[Records supplied — start]

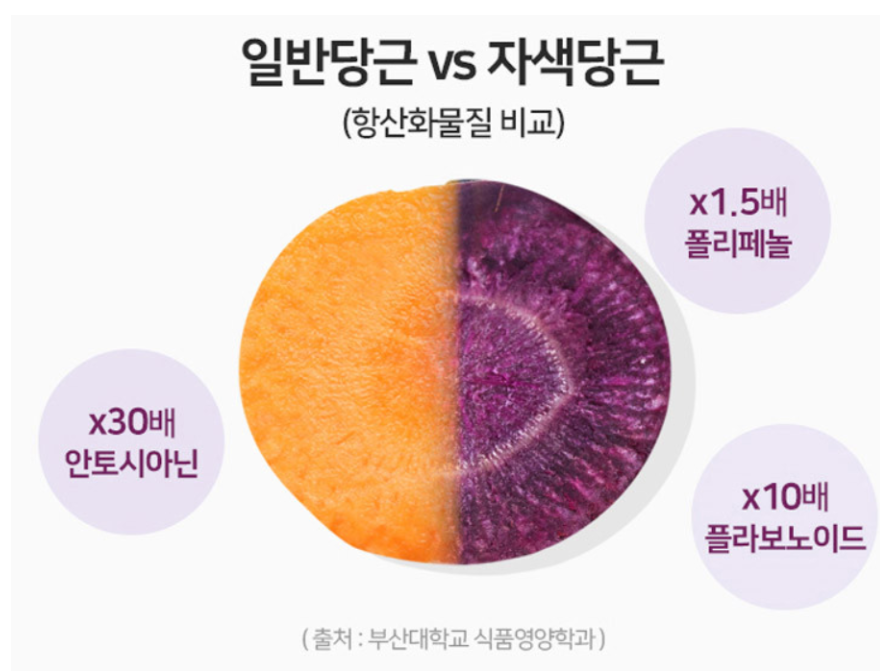 자색당근은 일반 당근보다 안토시아닌과 폴리페놀 함량이
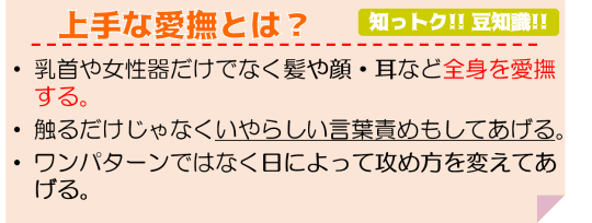 この2点はかなり重要なポイントです。要は、息が合う(タイミング・呼吸)か気持ちが良いかということです。
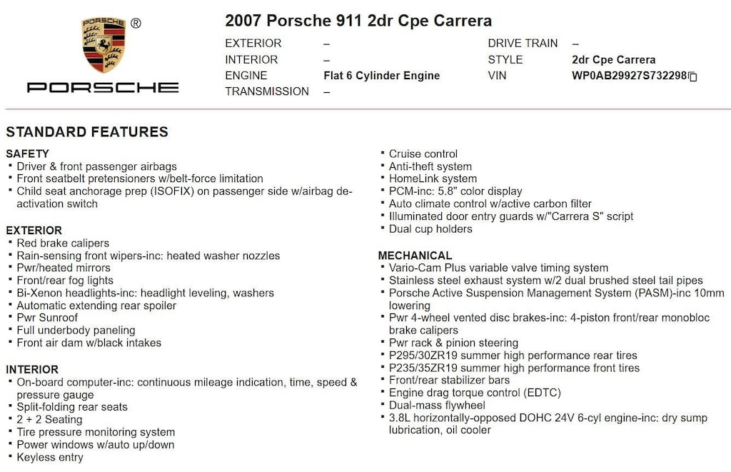 All wheel drive-inc: Porsche Traction Management (PTM), Pwr sunroof, Automatic extending rear spoiler, Bi-Xenon headlights-inc: headlight leveling, washers, Power windows w/auto up/down, Keyless Entry, Cruise Control, Homelink System, Auto climate control w/active carbon filter, Driver & front passenger airbags
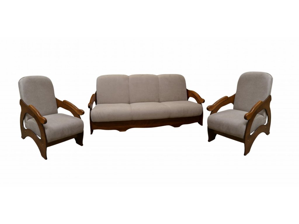 Sedací souprava Viki s rozkládacím trojsedem a dvěma křesly. Sedací souprava má úložný prostor a jednoduchým rozkladem vznikne lůžko 188x130 cm na občasné přespání pro dvě osoby. Výplň sedáku tvoří pružiny bonell v kombinaci s kvalitní PUR pěnou. Sedací souprava je očalouněná kvalitní látkou Velo, která je velmi příjemná na dotek a je odolná proti vsakování tekutin. Čalounění v kombinaci se dřevem působí velice stylově. Bočnice jsou vyrobené z bukového masivu, moření je možné v různých barevných odstínech. Sedací soupravu lze objednat i v jiných barevných provedeních (viz. vzorník látek níže). Odstíny nebo kresba dřeva nemusí přesně odpovídat vyobrazeným vzorkům.
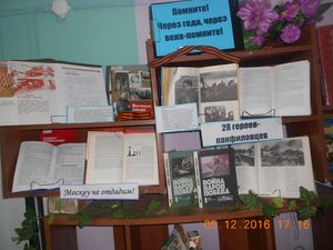 В разделе выставки «28 героев – панфиловцев» знакомит читателей с примером мужества и героизма среди частей Красной Армии, тысячи советских воинов отдали свои жизни в боях под Москвой, но именно подвиг героев-панфиловцев остался в истории и сыграл в годы войны исключительную мобилизующую роль, о силе и мужестве героев ходили легенды.
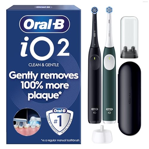 Oral-B iO2 Duo Electric Toothbrushes, 2 Gentle Care Toothbrush Heads, 1 Travel Case, 1 Travel Refill Holder, Toothbrush for Adults (Night Black and Forest Green), Designed by Braun, 2 Pin Plug
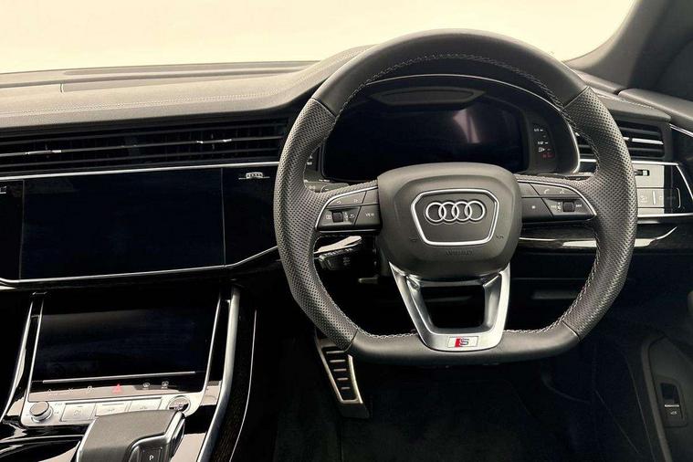 10.1" and 8.6" Dual colour touchscreens, Audi connect safety and service (e-call), Audi connect with Amazon Alexa Integration, Audi drive select, Audi parking system plus includes 360 degree display with front and rear sensors, Audi phone box light with wireless charging, Audi smartphone interface includes wireless Apple carplay/Android Auto, Audi virtual cockpit - 12.3" high resolution LCD display with fully customisable instrument cluster, Automatic start/stop system, Electro-mechanical PAS, Low washer fluid indicator, MMI - Multi Media Interface control system, MMI navigation plus with MMI touch, Natural voice recognition, On board computer, Operating buttons in black, glass look with haptic feedback, Power operated tailgate, Rear view camera, Service interval indicator, 48V Mild hybrid technology, 85 litre fuel tank, Adaptive sport air suspension, Quattro all wheel drive with self locking centre differential, Audi music interface with 2 USB ports with charge and data functions, Audi sound system with 6 channel amplifier, 180 watt amplifying capacity and 10 loudspeakers including subwoofer, Aux-in socket, DAB Digital radio, 3rd brake light, Acoustic windscreen, Aluminium window trim, Audi beam, Audi HD Matrix LED headlights with dynamic front and rear indicators, Auto dimming frameless rear view mirror, Black Audi rings and black badging, Coming/leaving home lighting function, Electric front+rear windows, Electrically folding auto dimming/adjustable/heated door mirrors with memory function, LED side indicators and kerb view function for passenger side, Headlight washers, Heat insulating glass in windshield, LED signature daytime running lights, Platinum grey front spoiler lip and diffuser insert with honeycomb grille in black, Privacy glass - dark tinted rear and rear side windows from B-pillar backwards, Rain and light sensors, Rear side wing doors, Rear wiper, 2 zone automatic climate control, 3 bench rear seats in 2nd row, 4-way lumbar support for front seats, 40:20:40 split folding rear bench seat, Audi phone box light, Black cloth headlining, Comfort front centre armrest, Driver seat memory function, Electrically adjustable front seats, Front head restraints, Front/rear floor mats, Heated front seats, ISOFIX child seat mounting for front passenger seat and 2 outer rear seats with top tether child seat mounting for all 3 rear seats, LED interior ambient lighting, Luggage compartment sill protection in stainless steel, Rear centre armrest with 2 cupholders, Rear headrests, Seat cushion displaceable by 100mm in the ratio 60:40, Single front passenger seat, Stainless steel pedals, Sunvisors with illuminated vanity mirrors, Tool kit, 3 point seatbelts on all seats, Audi pre sense front, Child locks on rear doors, Driver and front passenger, front side and curtain airbags, Electromechanical parking brake, Electronic Stability Control (ESC) including ABS, ASR and EDL, Front passenger airbag deactivation, Hill descent control, Hill hold assist, Predictive pedestrian protection, Seatbelt monitoring, Traction control, Tyre pressure loss indicator, Warning triangle and first aid kit, Anti theft alarm with tow away protection, Anti-theft wheel bolts and wheel loosening detection, Immobiliser, Keyless go with remote central locking, Polished oak trim with grey finished, Tyre repair kit,
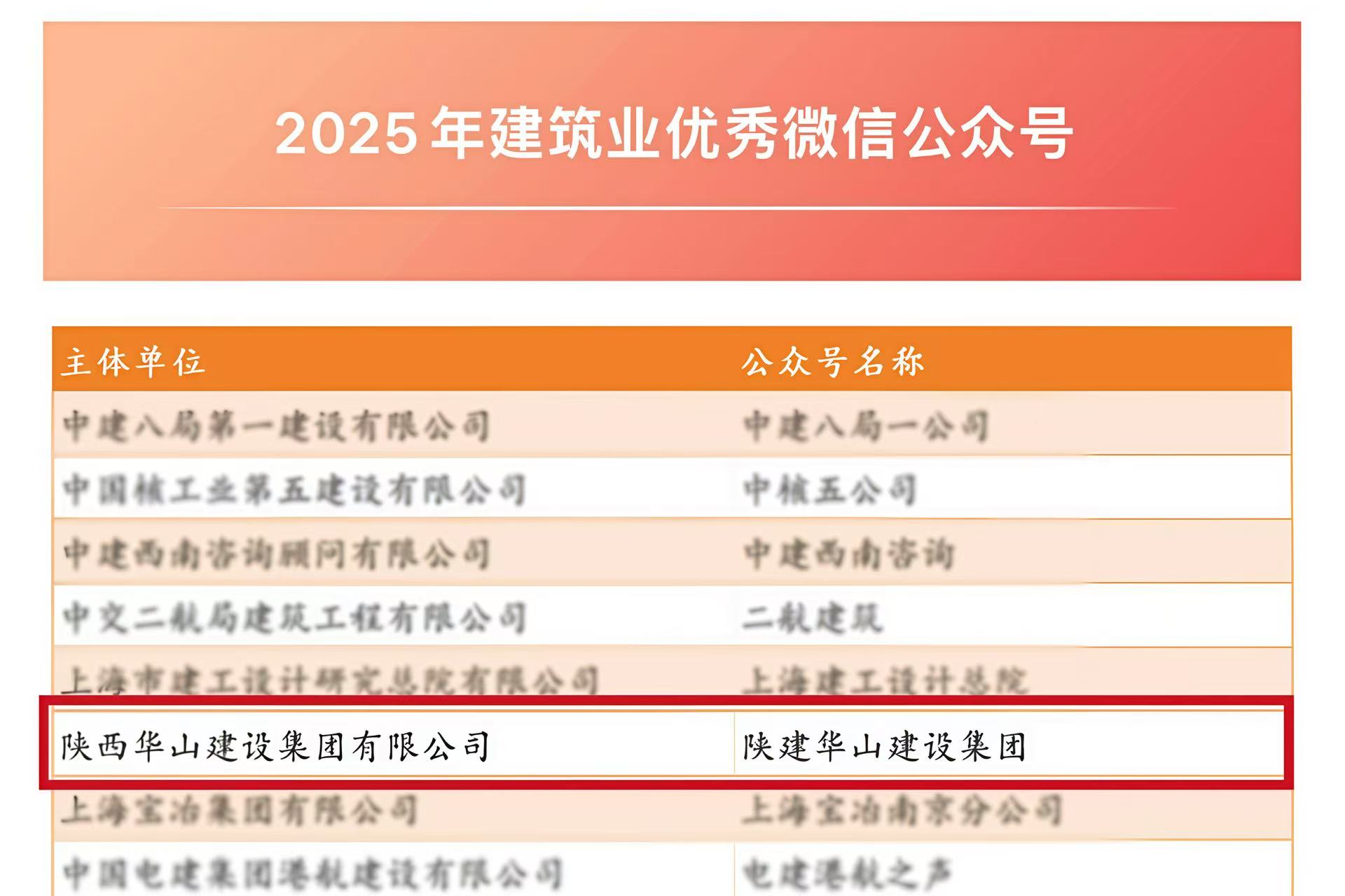 8月7日,由建筑时报社主办的2025年建筑业微信公众号运维交流研讨会在湖南省长沙市成功举办。陕建华山建设集团微信公众号连续四年荣获“全国建筑业优秀微信公众号”称号,并首次获得“全国建筑业优秀微信视频号”殊荣。
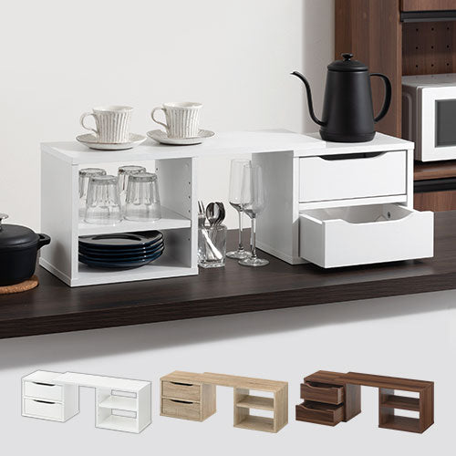 伸縮カウンター上ラック キッチンラック キッチン 収納 カウンター上 引き出し 調味料 ラック スリム 両面 調味料ラック 伸縮 木 木製キッチンカウンター おしゃれ 収納 対面 ぼん家具 KRA945063公式 インテリアのゲキカグ。
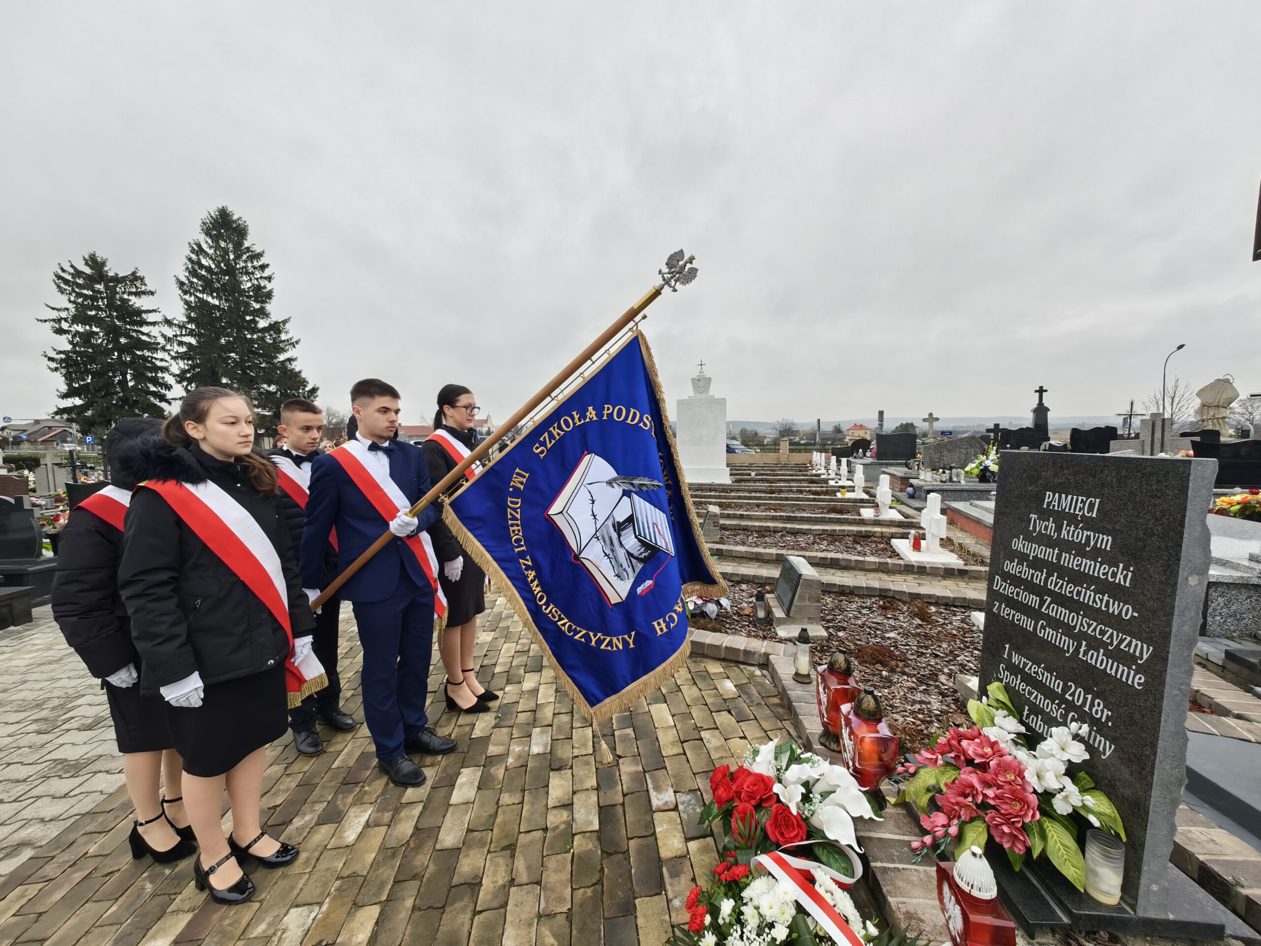 Udział w uroczystościach wzięli: Wójt Gminy Łabunie – Mariusz Kukiełka, Przewodnicząca Rady Gminy – Elżbieta Kuźma, dyrektor Zespołu Szkolnego w Łabuniach – Barbara Banaszkiewicz, poczty sztandarowe: szkolne, strażackie, Światowego Związku Żołnierzy Armii Krajowej Okręg Zamość Koło Rejonowe w Łabuniach oraz mieszkańcy gminy Łabunie.

[Records supplied — finish]

Work request. Exact copy, no pictures: write out all the records above.

Answer for the task.
 자색당근은 일반 당근보다 안토시아닌과 폴리페놀 함량이
 この2点はかなり重要なポイントです。要は、息が合う(タイミング・呼吸)か気持ちが良いかということです。
 All wheel drive-inc: Porsche Traction Management (PTM), Pwr sunroof, Automatic extending rear spoiler, Bi-Xenon headlights-inc: headlight leveling, washers, Power windows w/auto up/down, Keyless Entry, Cruise Control, Homelink System, Auto climate control w/active carbon filter, Driver & front passenger airbags
 Sedací souprava Viki s rozkládacím trojsedem a dvěma křesly. Sedací souprava má úložný prostor a jednoduchým rozkladem vznikne lůžko 188x130 cm na občasné přespání pro dvě osoby. Výplň sedáku tvoří pružiny bonell v kombinaci s kvalitní PUR pěnou. Sedací souprava je očalouněná kvalitní látkou Velo, která je velmi příjemná na dotek a je odolná proti vsakování tekutin. Čalounění v kombinaci se dřevem působí velice stylově. Bočnice jsou vyrobené z bukového masivu, moření je možné v různých barevných odstínech. Sedací soupravu lze objednat i v jiných barevných provedeních (viz. vzorník látek níže). Odstíny nebo kresba dřeva nemusí přesně odpovídat vyobrazeným vzorkům.
 В разделе выставки «28 героев – панфиловцев» знакомит читателей с примером мужества и героизма среди частей Красной Армии, тысячи советских воинов отдали свои жизни в боях под Москвой, но именно подвиг героев-панфиловцев остался в истории и сыграл в годы войны исключительную мобилизующую роль, о силе и мужестве героев ходили легенды.
 Oral-B iO2 Duo Electric Toothbrushes, 2 Gentle Care Toothbrush Heads, 1 Travel Case, 1 Travel Refill Holder, Toothbrush for Adults (Night Black and Forest Green), Designed by Braun, 2 Pin Plug
 10.1" and 8.6" Dual colour touchscreens, Audi connect safety and service (e-call), Audi connect with Amazon Alexa Integration, Audi drive select, Audi parking system plus includes 360 degree display with front and rear sensors, Audi phone box light with wireless charging, Audi smartphone interface includes wireless Apple carplay/Android Auto, Audi virtual cockpit - 12.3" high resolution LCD display with fully customisable instrument cluster, Automatic start/stop system, Electro-mechanical PAS, Low washer fluid indicator, MMI - Multi Media Interface control system, MMI navigation plus with MMI touch, Natural voice recognition, On board computer, Operating buttons in black, glass look with haptic feedback, Power operated tailgate, Rear view camera, Service interval indicator, 48V Mild hybrid technology, 85 litre fuel tank, Adaptive sport air suspension, Quattro all wheel drive with self locking centre differential, Audi music interface with 2 USB ports with charge and data functions, Audi sound system with 6 channel amplifier, 180 watt amplifying capacity and 10 loudspeakers including subwoofer, Aux-in socket, DAB Digital radio, 3rd brake light, Acoustic windscreen, Aluminium window trim, Audi beam, Audi HD Matrix LED headlights with dynamic front and rear indicators, Auto dimming frameless rear view mirror, Black Audi rings and black badging, Coming/leaving home lighting function, Electric front+rear windows, Electrically folding auto dimming/adjustable/heated door mirrors with memory function, LED side indicators and kerb view function for passenger side, Headlight washers, Heat insulating glass in windshield, LED signature daytime running lights, Platinum grey front spoiler lip and diffuser insert with honeycomb grille in black, Privacy glass - dark tinted rear and rear side windows from B-pillar backwards, Rain and light sensors, Rear side wing doors, Rear wiper, 2 zone automatic climate control, 3 bench rear seats in 2nd row, 4-way lumbar support for front seats, 40:20:40 split folding rear bench seat, Audi phone box light, Black cloth headlining, Comfort front centre armrest, Driver seat memory function, Electrically adjustable front seats, Front head restraints, Front/rear floor mats, Heated front seats, ISOFIX child seat mounting for front passenger seat and 2 outer rear seats with top tether child seat mounting for all 3 rear seats, LED interior ambient lighting, Luggage compartment sill protection in stainless steel, Rear centre armrest with 2 cupholders, Rear headrests, Seat cushion displaceable by 100mm in the ratio 60:40, Single front passenger seat, Stainless steel pedals, Sunvisors with illuminated vanity mirrors, Tool kit, 3 point seatbelts on all seats, Audi pre sense front, Child locks on rear doors, Driver and front passenger, front side and curtain airbags, Electromechanical parking brake, Electronic Stability Control (ESC) including ABS, ASR and EDL, Front passenger airbag deactivation, Hill descent control, Hill hold assist, Predictive pedestrian protection, Seatbelt monitoring, Traction control, Tyre pressure loss indicator, Warning triangle and first aid kit, Anti theft alarm with tow away protection, Anti-theft wheel bolts and wheel loosening detection, Immobiliser, Keyless go with remote central locking, Polished oak trim with grey finished, Tyre repair kit,
 8月7日,由建筑时报社主办的2025年建筑业微信公众号运维交流研讨会在湖南省长沙市成功举办。陕建华山建设集团微信公众号连续四年荣获“全国建筑业优秀微信公众号”称号,并首次获得“全国建筑业优秀微信视频号”殊荣。
 伸縮カウンター上ラック キッチンラック キッチン 収納 カウンター上 引き出し 調味料 ラック スリム 両面 調味料ラック 伸縮 木 木製キッチンカウンター おしゃれ 収納 対面 ぼん家具 KRA945063公式 インテリアのゲキカグ。
 Udział w uroczystościach wzięli: Wójt Gminy Łabunie – Mariusz Kukiełka, Przewodnicząca Rady Gminy – Elżbieta Kuźma, dyrektor Zespołu Szkolnego w Łabuniach – Barbara Banaszkiewicz, poczty sztandarowe: szkolne, strażackie, Światowego Związku Żołnierzy Armii Krajowej Okręg Zamość Koło Rejonowe w Łabuniach oraz mieszkańcy gminy Łabunie.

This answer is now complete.